Bao Ninh

Bảo Ninh (born on October 18, 1952) is a Vietnamese novelist and short story writer.

His real name is Hoàng Ấu Phương and he was born in Nghệ An province (his ancestors were from Quảng Bình province), Vietnam. During the Vietnam War, he served in the Glorious 27th Youth Brigade. Of the five hundred who went to war with the brigade in 1969, he is one of ten who survived.

The Sorrow of War

A successful short story writer focusing primarily on stories about the war, Bảo Ninh shot into the limelight with his debut novel, Thân phận của tình yêu, (The Destiny of Love) published 1991 in Hanoi. An English translation by Frank Palmos and Phan Thanh Hao was published in 1994, with the title The Sorrow of War, which became a widely acclaimed novel, with some critics placing the work among the most moving war novels of all time. Counterfeits of the English language edition then became widely available in Vietnam for the tourist trade.[1]

Sorrow of War is a nonlinear narrative by Kien, a North Vietnamese soldier during the Vietnam War, chronicling his loss of innocence, his love, and his anguish (sorrow and sadness) at the memories of war, a short summary of the novel follows:

Kien is a soldier who seems to have a never-ending source of luck in his battles, for whenever all of the troops in his platoon die, he survives. The novel starts with him riding in a MIA Remains-Gathering Truck charged with the collection of bodies in the Jungle of Screaming Souls where Kien's first team of soldiers, the 27th Battalion was eliminated except for him. This scene begins many flashbacks that tie together the novel and are almost unable to be discerned for their chronological order. The story that the reader learns to follow is that of the love affair between Kien and his childhood sweetheart, Phuong, who he constantly references at the beginning of the story but only near the end do the largest events in their history take place. The subject then falls upon the novel being written by Kien and how he seems fated to write it by his survival from these battles and he feels that its completion will bring solace. Once the novel is completed, a mute girl who Kien began seeing when drunk to use to bounce his ideas off, gained a hold of the text while Kien was attempting to burn the pages. This burning of all his work is an allusion to what is told of Kien's artist father who fell into a similar slump after Kien's mother's divorce and burned all of the paintings he had painted over the years. The novel ends with an excerpt from a new narrator who is said to have found Kien's novel from this mute woman. He talks about the nonsensical order and grave subject matter but also its entrancing nature and how he felt that it needed to be published.

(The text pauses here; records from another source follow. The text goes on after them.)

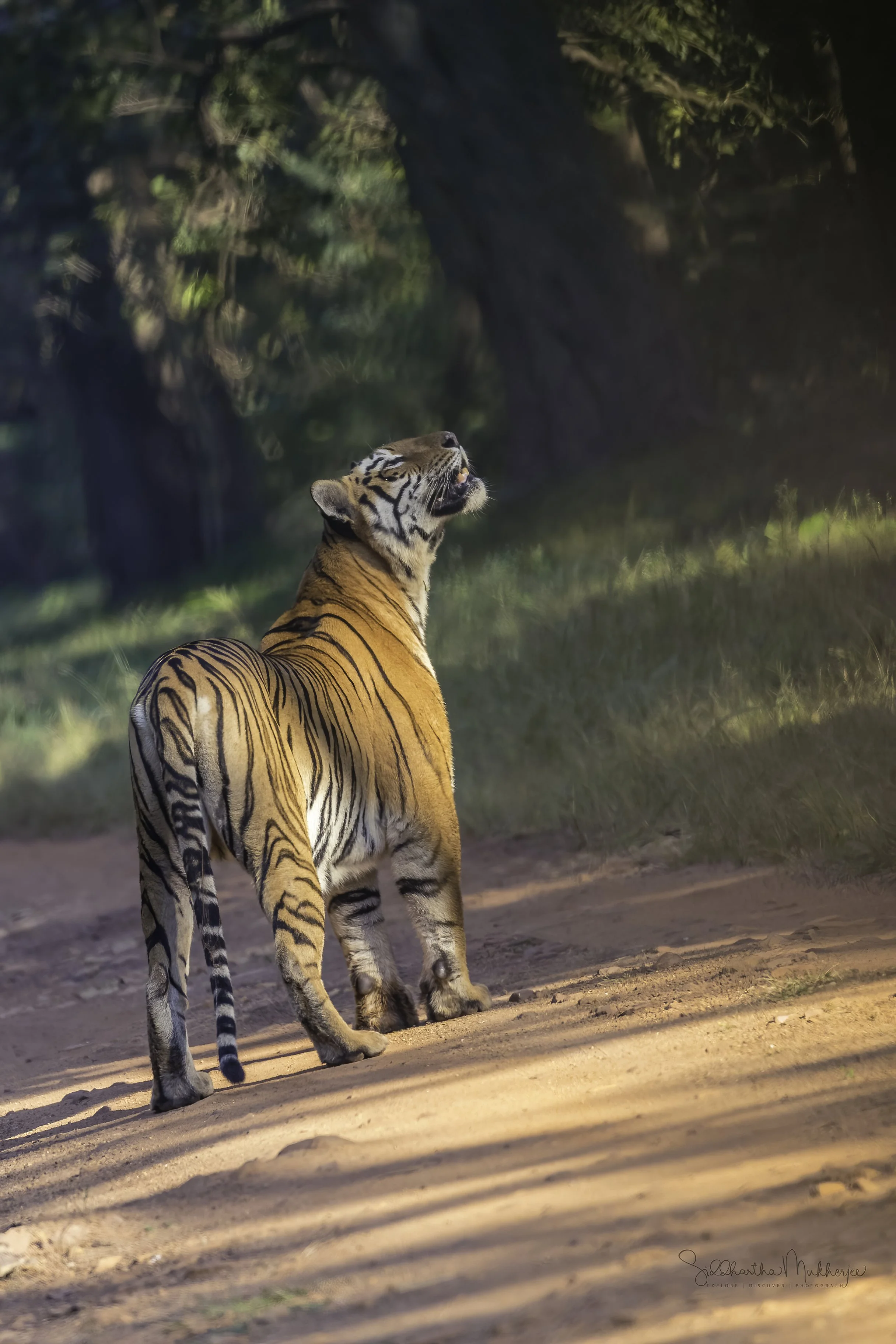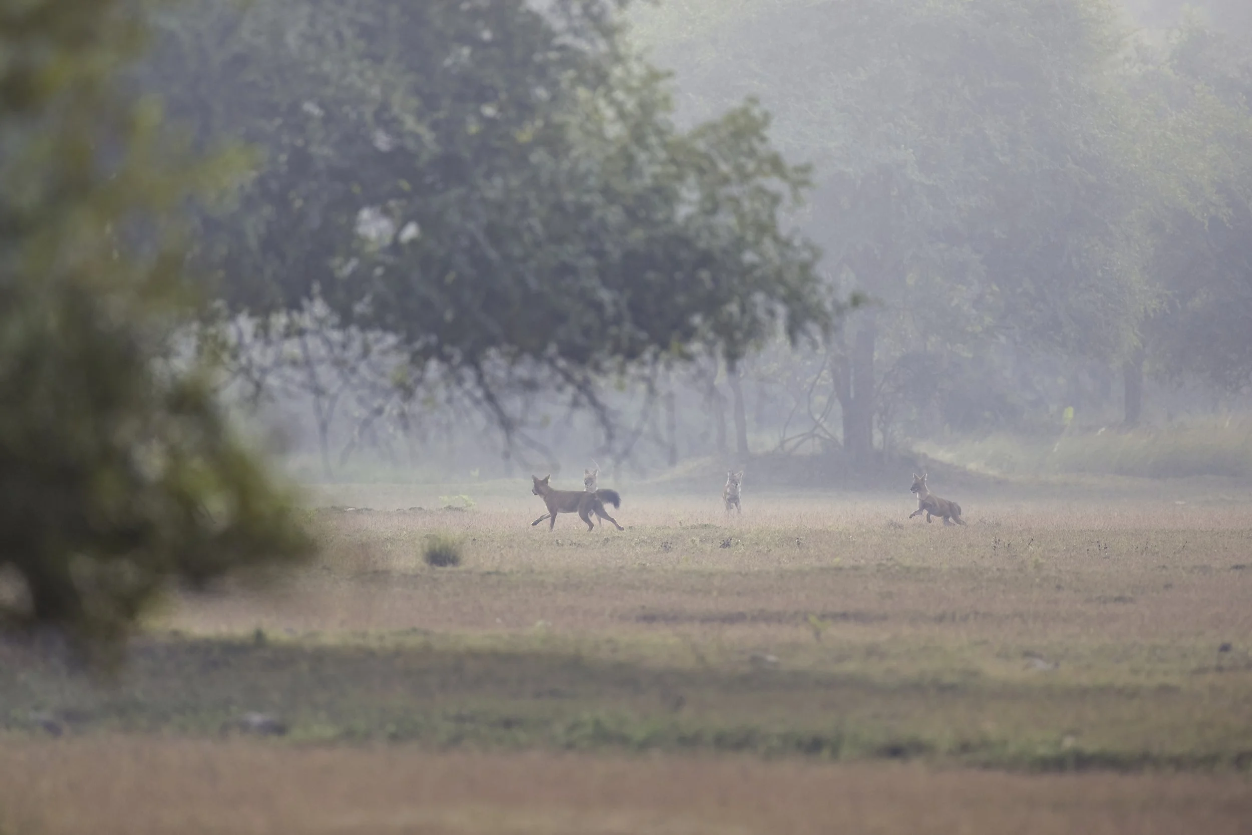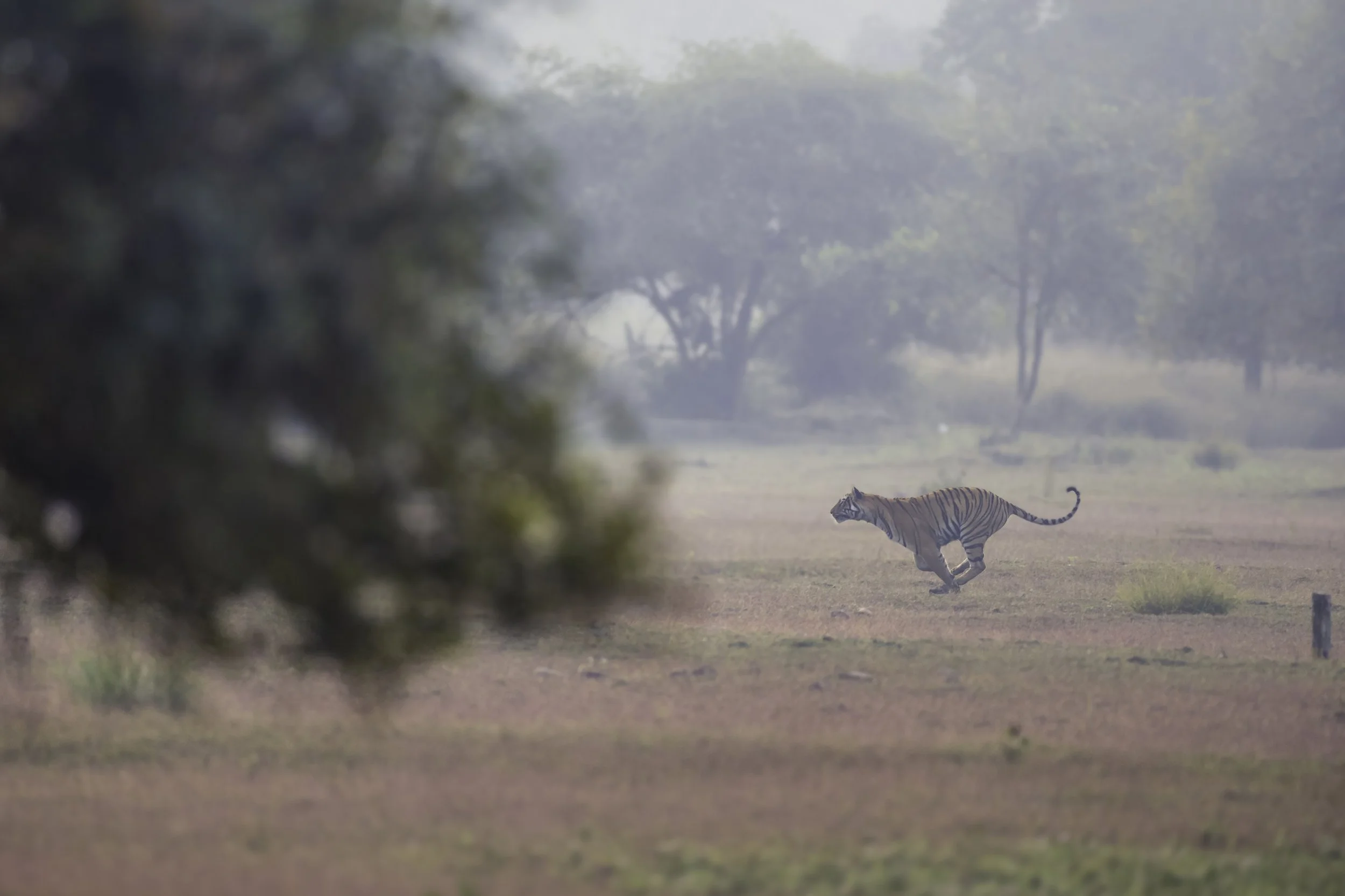 On a cold November '23 morning we headed out towards the Tadoba Lake deep in the core and came across the pug marks of a tigress headed towards the Jamunbodi Waterhole. We quickly made our way to the waterhole and spotted a pack of dhole resting. Neelkanth Maghre, our tracker and guide, said there might possibly be a kill. To our right were some Sambhar who were clearly agitated and constantly gave their distinctive alarm calls. We waited with bated breath as the sambhar took off running from the right to the left. And following closely on their heels was Bijli, running full tilt, after them. This was taken as she sped across the meadow before disappearing behind the trees. The resting dhole pack also was hot on her heels and made for an amazing experience.
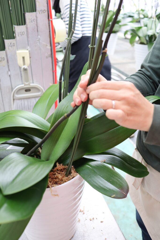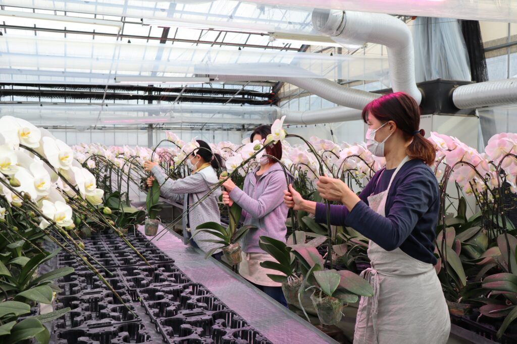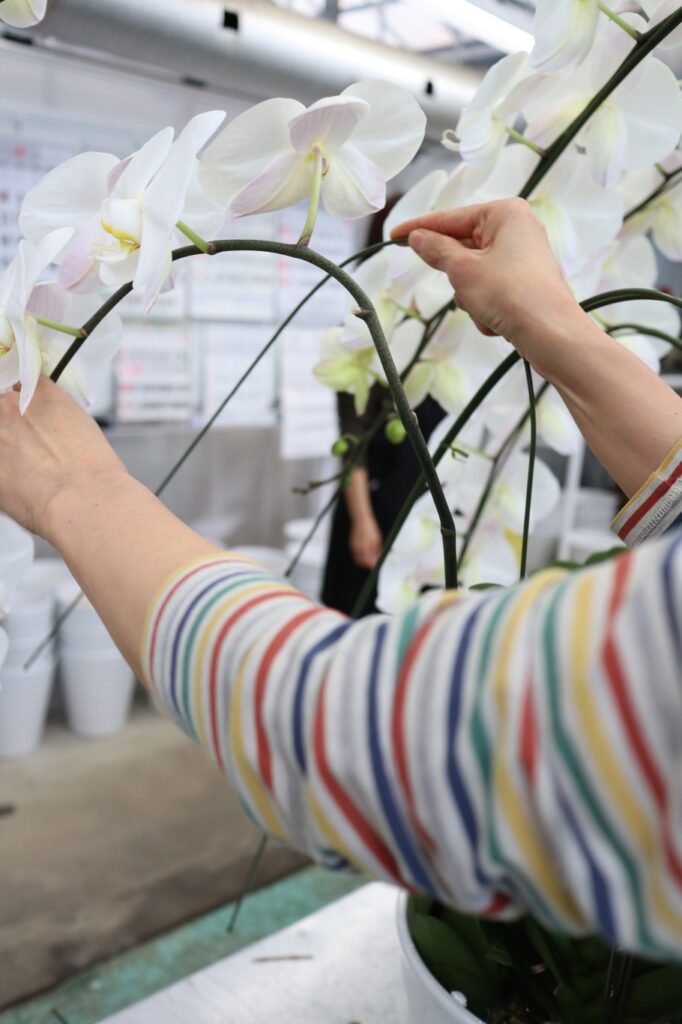 胡蝶蘭は出荷まではとても手がかかるお花だからです。いくつもの作業工程があり全て人の手でやらないといけないからです。
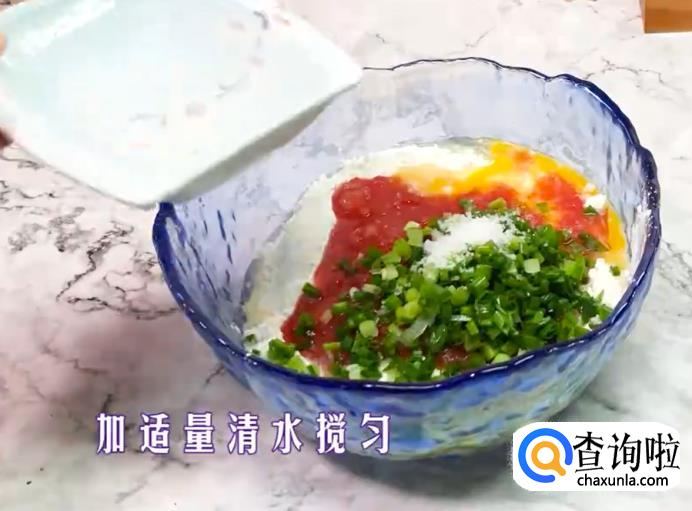 在鸡蛋和面粉里加入番茄、适量的葱花、盐和清水搅拌均匀。
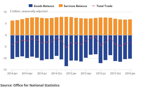 The report stated that UK’s deficit on trade in goods and services was estimated to have been £3.5 billion in January 2016, a narrowing of £0.2 billion from December 2015. The narrowing is attributed to trade in goods where the deficit has narrowed from £10.5 billion in December 2015, to £10.3 billion in January 2016”.
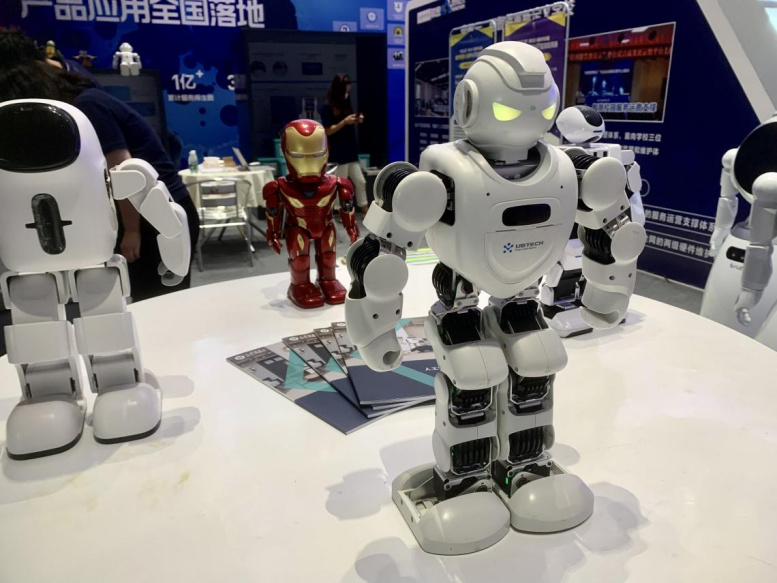 人工智能主题展区重点展示校园数字装备,通过校园、教室的物联化、信息化设备,丰富教学形态。落户两江新区水土新城的乐聚机器人带来了以人形机器人为核心的全学段人工智能教育服务方案。
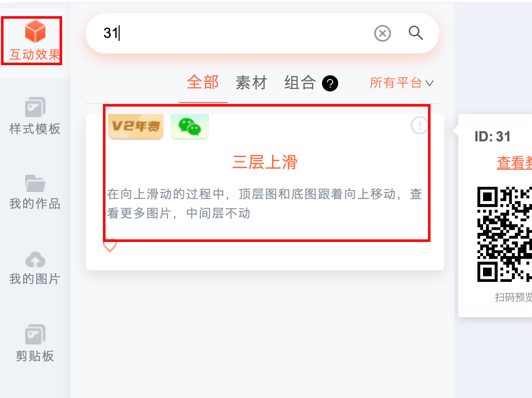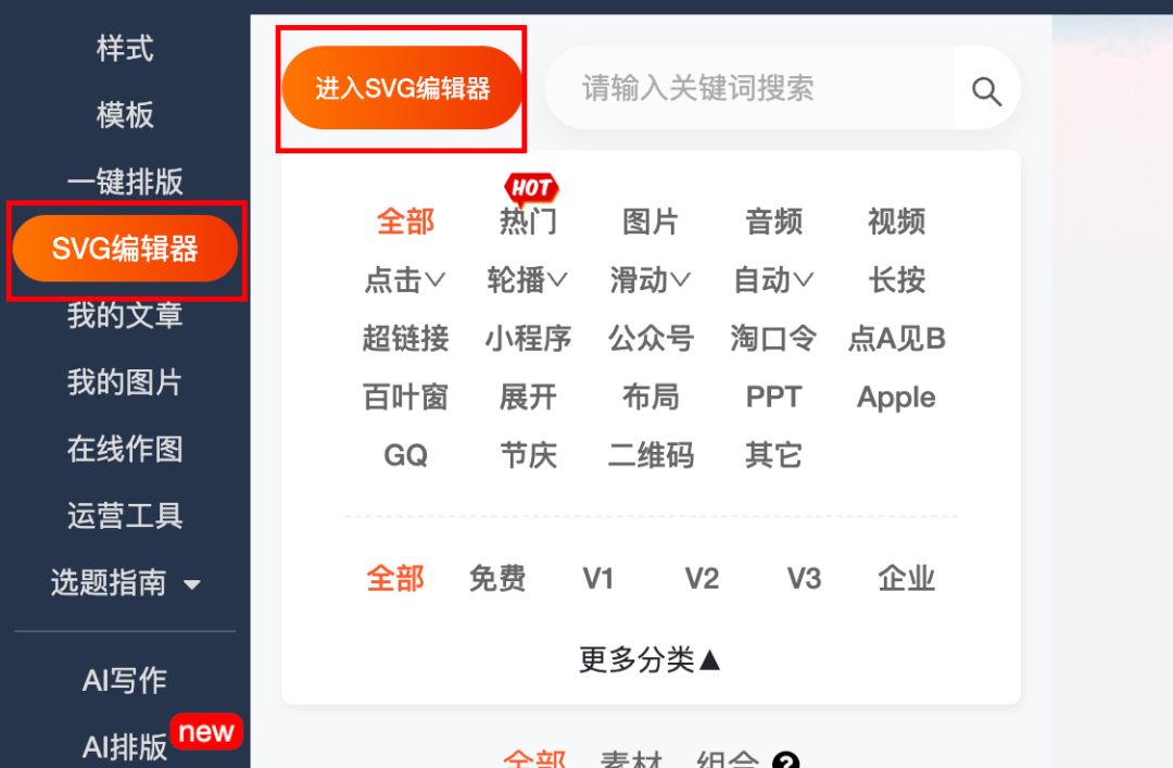 在135編輯器頁面左側(cè)選擇【SVG編輯器】——【進(jìn)入SVG編輯器】,在互動(dòng)效果中搜索ID:31,將該效果放在編輯頁面。
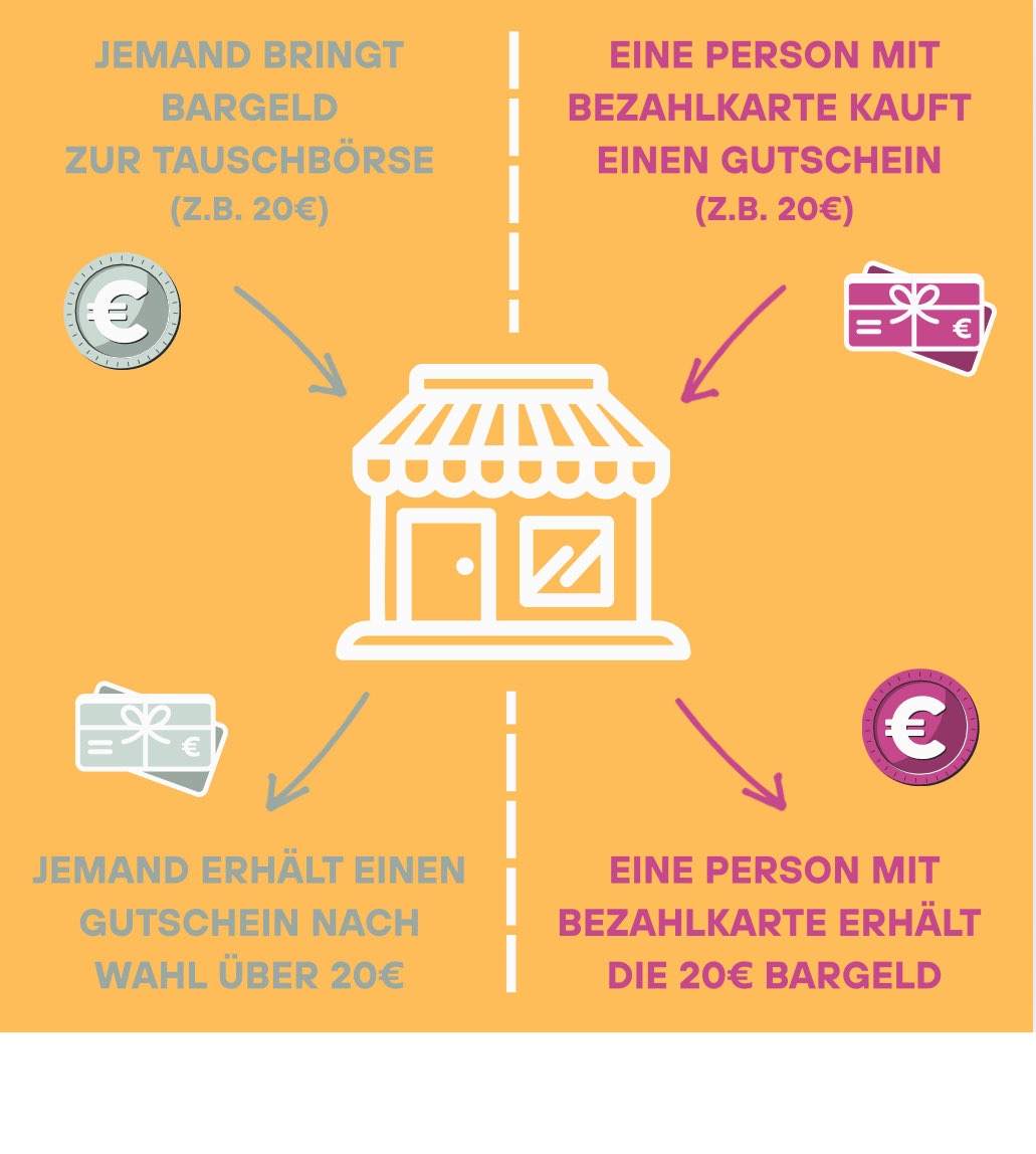 • Sie bringen diesen Gutschein zur Tauschbörse und tauschen ihn gegen Bargeld ein.
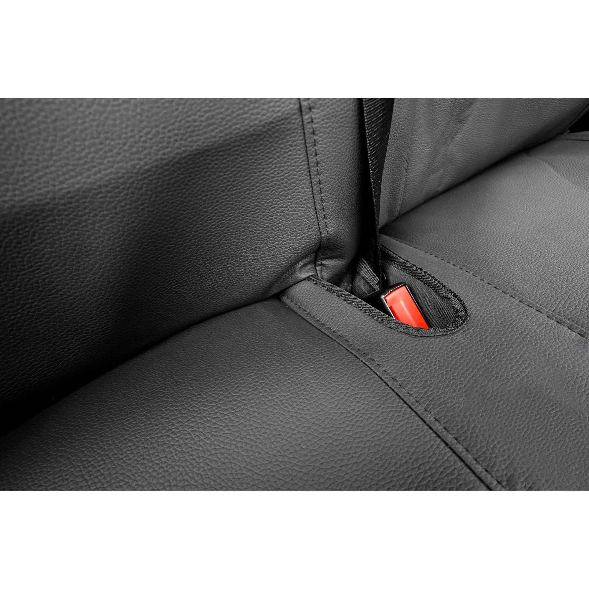 Materiał pokrowców charakteryzuje się pełną wodoodpornością i jest niezwykle łatwy w utrzymaniu czystości – większość zabrudzeń usuniesz błyskawicznie przy pomocy wilgotnej ściereczki. Dzięki wzmocnionemu spodowi oraz precyzyjnemu krojowi, pokrowce idealnie przylegają do kształtu foteli, nie przesuwając się podczas wsiadania i wysiadania.
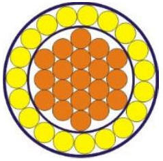В центре находятся 19 изолированных проводов, покрытых общим слоем изоляции (на рисунке показано коричневым) для небольшого увеличения диаметра, чтобы сверху вместилось тоже 19. Это очень важный момент, так как при разных количествах не будет соблюдаться вихревая симметрия емкости. С одного торца все жилы соединяются вместе, а с другого — делаются два вывода от центральной и от внешней обмоток витка. Естественно, можно пробовать и более простые варианты, например с многожильным кабелем. Для съема энергии с такого коллектора необходимо включать его параллельно нагрузке, желательно в контуре с обмотками, не имеющими противо-ЭДС по напряжению.
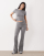 Mango Studios knit short sleeve top & fold over pants set with studs in gray
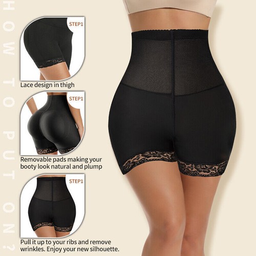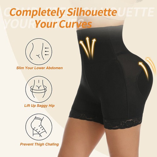 【REMOVABLE PADDED BUTT ENHANCER】Women padded butt lifter panties has 2 detachable butt pads for bigger butts,hips pads covered enough and stays in place,don't having to adjust pads constantly.The 2 pads for the butt lifter enable us show the perfect waist-to-hip ratio, adding more hourglass curve. And the 2 butt pads of this shapewear butt enhancer not only provide soft touch when sitting, but it also makes our butt looks bigger, rounder and fuller,you’ll have the perfect perky booty.
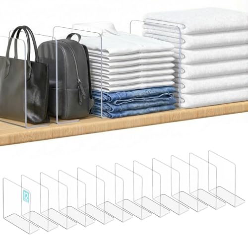 OKPOW Shelf Dividers for Closet Organization: 12 Pack Durable Clear Acrylic Divider Organizer for Shelves – Vertical Adjustable Shelving Separators for Clothing Purse

The novel weaves back and forth between tales of unfulfilled love and the narrative of war, which fails to fulfill its own objectives. The tale is hauntingly told, verging on poetry:

The sorrow of war inside a soldier's mind was in a strange way similar to the sorrow of love. It was a kind of nostalgia, like the immense sadness of a world at dusk.

At one level, the novel can be said to be about effects of war on people, and especially how it defeats the human capacity for love:

It was hard to remember a time when his whole personality and character had been intact, a time before the cruelty and the destruction of war had warped his soul. A time when he had been deeply in love, passionate, aching with desire, hilariously frivolous and light-hearted, or quickly depressed by love and suffering. Or blushing in embarrassment. When he, too, was worthy of being a lover and in love …
But war was a world with no home, no roof, no comforts. A happy journey, of endless drifting. War was a world without real men, without real women, without feeling.

On another level, it is about the horrors, and the eventual futility of war. The novel is openly critical of communist propaganda, e.g., the slogans that ban young people from enjoying sex, love, and marriage - these are the "Three Don'ts" in the pre-war communist heterodoxy. At another point, Kien sympathizes with the owner of a coffee plantation in the South, who says he does not care for the government, neither north nor south, the main aim is that people should be happy. There is no joy even in the eventual victory, only grim fatigue among the heaped up corpses at Saigon airport after the American withdrawal.

Possibly due to these nuances, the novel was briefly banned after its release in 1991. However, with the winds of liberalization sweeping Vietnam in the 1990s, the immensely popular book could not be suppressed.

The book has also gained wide readership in the South where it is one of the few books to present the story from the other side of the Civil War. Admirably, Bảo Ninh does this without blaming the other side in any way. Another work in this vein is Novel without a Name by Duong Thu Huong.

In 2005, it was republished in Vietnam under its original name, The Understanding of Love (Thân phận của tình yêu); another edition in 2006 adopted the Vietnamese version of the English title (Nỗi buồn chiến tranh).

Other writings

Bảo Ninh has written a second novel, Steppe, that he is reluctant to publish,[2] possibly because he feels it is not as natural as his earlier work.

A short story by Bảo Ninh, "A Marker on the Side of the Boat" (Khắc dấu mạn thuyền), translated by Linh Dinh, is included in the anthology Night, Again.

References

  1. ^ This writer bought his counterfeit copy from a vendor in Hanoi.